→ Given data
· · ·

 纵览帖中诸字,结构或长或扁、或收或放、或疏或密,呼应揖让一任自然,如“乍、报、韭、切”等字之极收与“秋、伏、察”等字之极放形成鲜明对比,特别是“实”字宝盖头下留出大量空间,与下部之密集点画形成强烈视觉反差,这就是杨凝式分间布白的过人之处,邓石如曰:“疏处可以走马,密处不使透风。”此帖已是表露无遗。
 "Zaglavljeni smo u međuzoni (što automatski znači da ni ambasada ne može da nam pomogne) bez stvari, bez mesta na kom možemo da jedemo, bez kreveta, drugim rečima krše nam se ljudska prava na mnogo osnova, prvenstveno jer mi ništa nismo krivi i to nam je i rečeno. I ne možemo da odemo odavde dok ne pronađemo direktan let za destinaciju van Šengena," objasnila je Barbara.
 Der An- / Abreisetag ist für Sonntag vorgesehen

· · ·

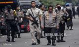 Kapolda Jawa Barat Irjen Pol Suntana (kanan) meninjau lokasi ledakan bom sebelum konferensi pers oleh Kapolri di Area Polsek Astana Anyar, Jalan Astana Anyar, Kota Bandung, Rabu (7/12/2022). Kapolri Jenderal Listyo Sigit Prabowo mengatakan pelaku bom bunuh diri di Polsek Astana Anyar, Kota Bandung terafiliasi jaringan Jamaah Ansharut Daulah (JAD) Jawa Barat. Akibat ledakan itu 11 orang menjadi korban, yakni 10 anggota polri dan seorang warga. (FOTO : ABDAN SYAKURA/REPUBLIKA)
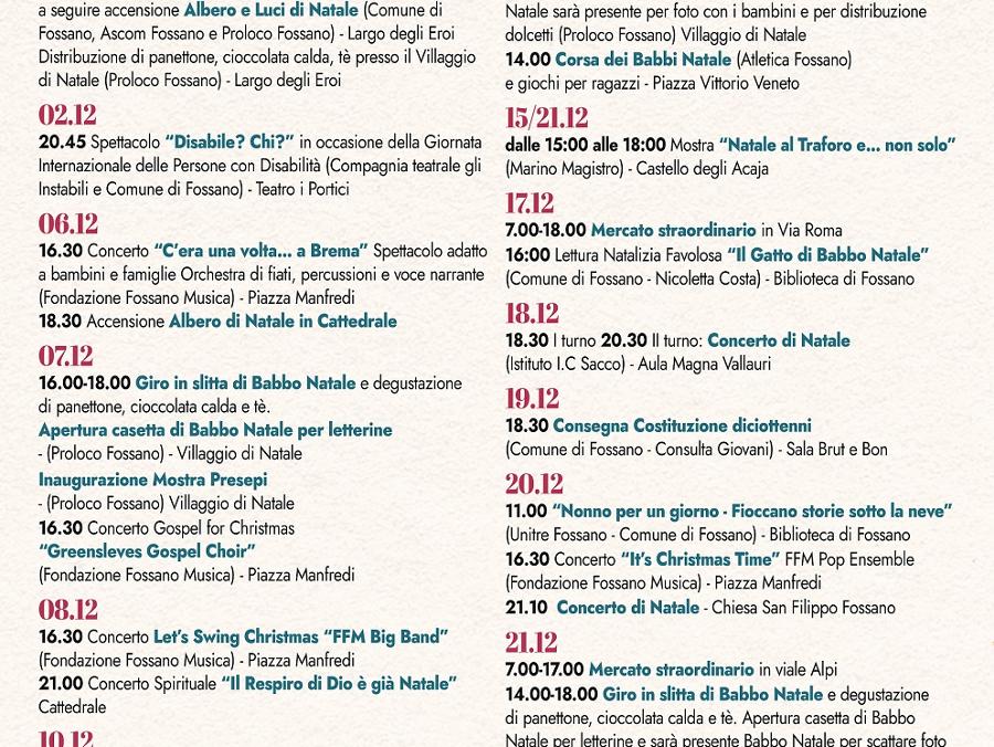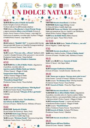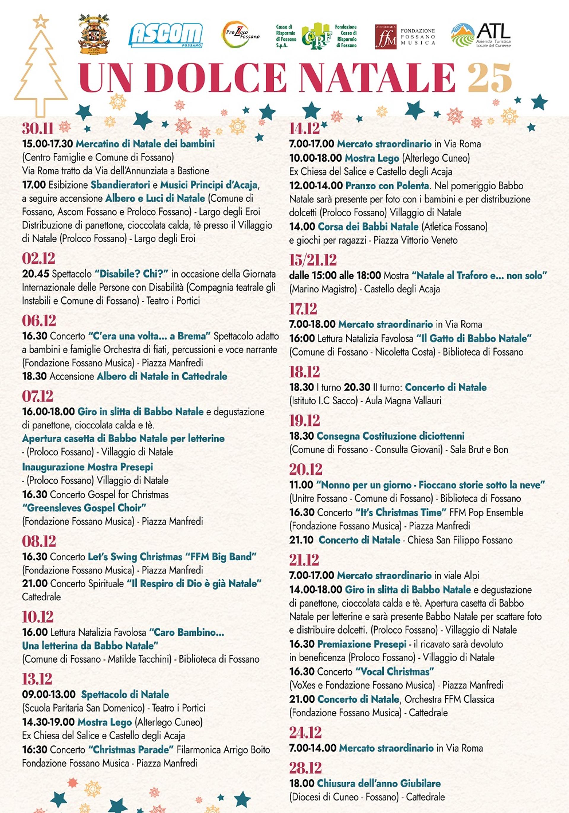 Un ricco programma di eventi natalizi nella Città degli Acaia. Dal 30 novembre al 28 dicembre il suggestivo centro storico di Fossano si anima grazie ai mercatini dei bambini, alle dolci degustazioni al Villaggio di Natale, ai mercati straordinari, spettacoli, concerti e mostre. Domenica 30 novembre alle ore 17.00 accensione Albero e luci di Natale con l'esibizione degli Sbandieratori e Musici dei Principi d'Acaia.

· · ·

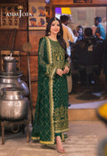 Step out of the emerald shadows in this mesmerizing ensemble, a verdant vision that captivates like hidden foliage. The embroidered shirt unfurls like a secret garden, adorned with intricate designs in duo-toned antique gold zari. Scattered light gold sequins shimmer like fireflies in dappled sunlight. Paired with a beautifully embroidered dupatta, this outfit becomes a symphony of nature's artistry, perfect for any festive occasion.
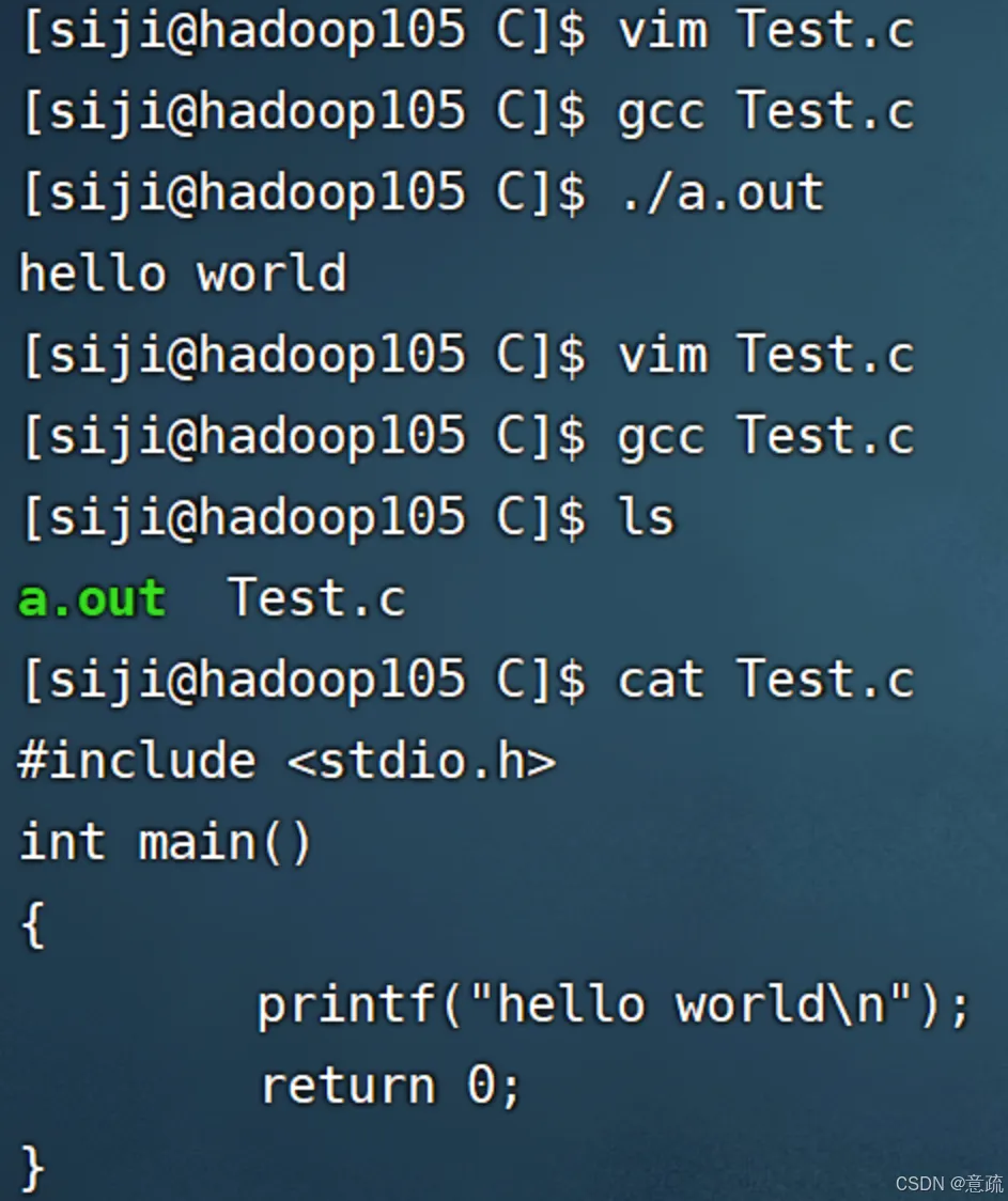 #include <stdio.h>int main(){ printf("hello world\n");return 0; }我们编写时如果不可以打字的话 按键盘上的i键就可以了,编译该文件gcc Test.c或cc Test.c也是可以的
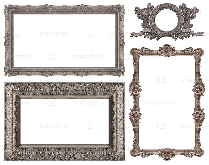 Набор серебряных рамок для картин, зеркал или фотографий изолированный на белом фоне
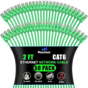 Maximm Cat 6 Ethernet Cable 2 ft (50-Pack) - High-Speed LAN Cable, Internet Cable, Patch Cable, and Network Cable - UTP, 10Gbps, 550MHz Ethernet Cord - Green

· · ·

Using the data above, set down each line from the line with "Step out of" to the line with "Maximm Cat 6" exactly, both ends included, and leave the pictures behind. Nothing else belongs.

 Step out of the emerald shadows in this mesmerizing ensemble, a verdant vision that captivates like hidden foliage. The embroidered shirt unfurls like a secret garden, adorned with intricate designs in duo-toned antique gold zari. Scattered light gold sequins shimmer like fireflies in dappled sunlight. Paired with a beautifully embroidered dupatta, this outfit becomes a symphony of nature's artistry, perfect for any festive occasion.
 #include <stdio.h>int main(){ printf("hello world\n");return 0; }我们编写时如果不可以打字的话 按键盘上的i键就可以了,编译该文件gcc Test.c或cc Test.c也是可以的
 Набор серебряных рамок для картин, зеркал или фотографий изолированный на белом фоне
 Maximm Cat 6 Ethernet Cable 2 ft (50-Pack) - High-Speed LAN Cable, Internet Cable, Patch Cable, and Network Cable - UTP, 10Gbps, 550MHz Ethernet Cord - Green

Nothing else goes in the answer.